The Bellevue Arts Museum, located in the heart of downtown Seattle, has a diverse array of exhibitions showcasing art, music, dance, and literature. The Bellevue Arts Museum is also home to the Center for Pacific Northwest Studies, which is a multi-disciplinary program dedicated to the exploration of the region’s history and cultural traditions.
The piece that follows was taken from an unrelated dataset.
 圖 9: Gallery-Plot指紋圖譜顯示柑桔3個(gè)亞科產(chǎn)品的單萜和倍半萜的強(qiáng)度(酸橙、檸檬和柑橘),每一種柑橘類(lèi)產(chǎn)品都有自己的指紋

The center offers classes, lectures, performances, and programs on a variety of topics, including Native American, Pacific Rim, and Asian Pacific Islander history and cultures. Call your friends and family to explore the museum at 510 Bellevue Way NE, Bellevue, WA 98004. The museum is open to the public Monday through Friday, 9am to 5pm and Saturday, 11am to 5:30pm. The museum also features a large collection of historical documents, artifacts, and photographs.
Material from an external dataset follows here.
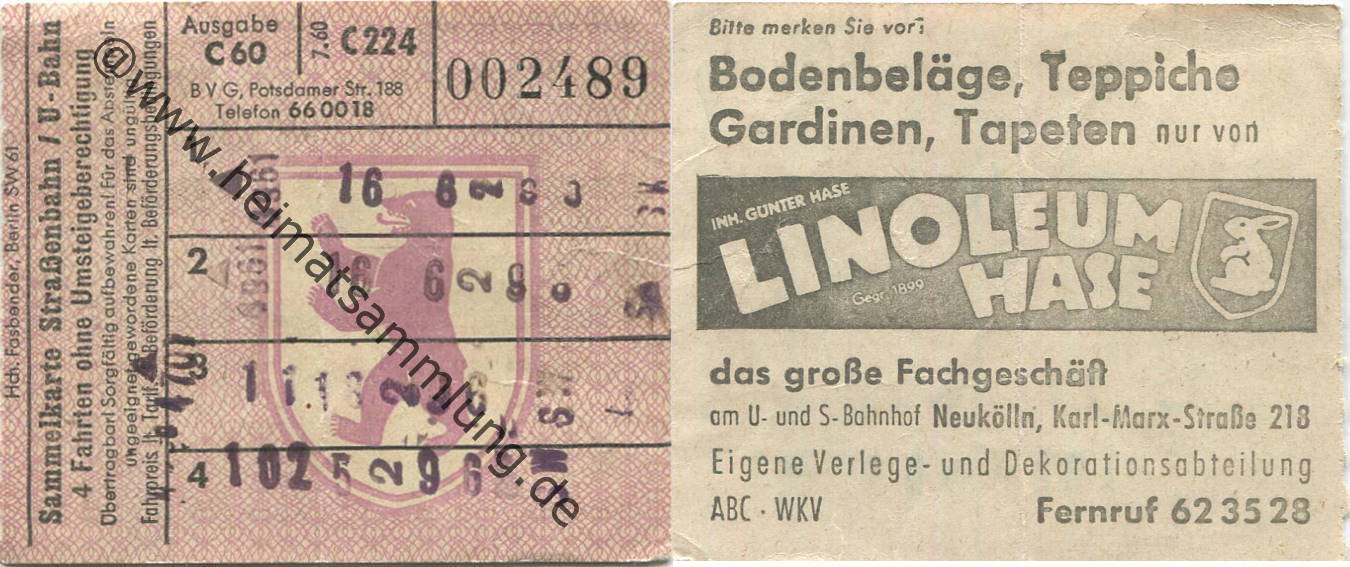 Berlin - BVG - Sammelkarte - Strassenbahn / U-Bahn 4 Fahrten ohne Umsteigeberechtigung 1958 - rückseitig Werbung Linoleum Hase (G14960y) |

The Bellevue Arts Museum is home to a plethora of innovative exhibits. In addition to the standard fare, the CIA has a dedicated art installation space where local artists showcase their works of art. The museum is also one of the few cultural institutions in the greater Seattle area that hosts an annual “Celebrate Asia” event where the best in Asian music, dance and theater are on display. This year, the program features a special three-continents cello concert, a Mendelssohn concert with Tianyi Lu as conductor, and a Carmina Burana show featuring the Seattle Symphony.
The Museum also has an exhibit that combines technology and art in a very unconventional way: the “Cube Chapel,” an augmented-reality installation that makes you feel like you’re walking through a stained glass window, but which isn’t. It is a multi-media installation with a dazzling color scheme and a unique experience depending on the time of day. Located just before Pioneer Square, the museum is a great place to explore the culture of the Emerald City. Its location allows visitors to get a taste of the city without stepping out of their comfort zone.
The museum’s website features a full calendar of upcoming exhibits and performances. Among the most popular programs are the aforementioned “Celebrate Asia” and the monthly First Thursday receptions. The museum also offers a wide range of free programs for children, including art lessons and a family friendly film series. The museum is always happy to host community members, and provides an excellent example of how an art museum can be a community hub.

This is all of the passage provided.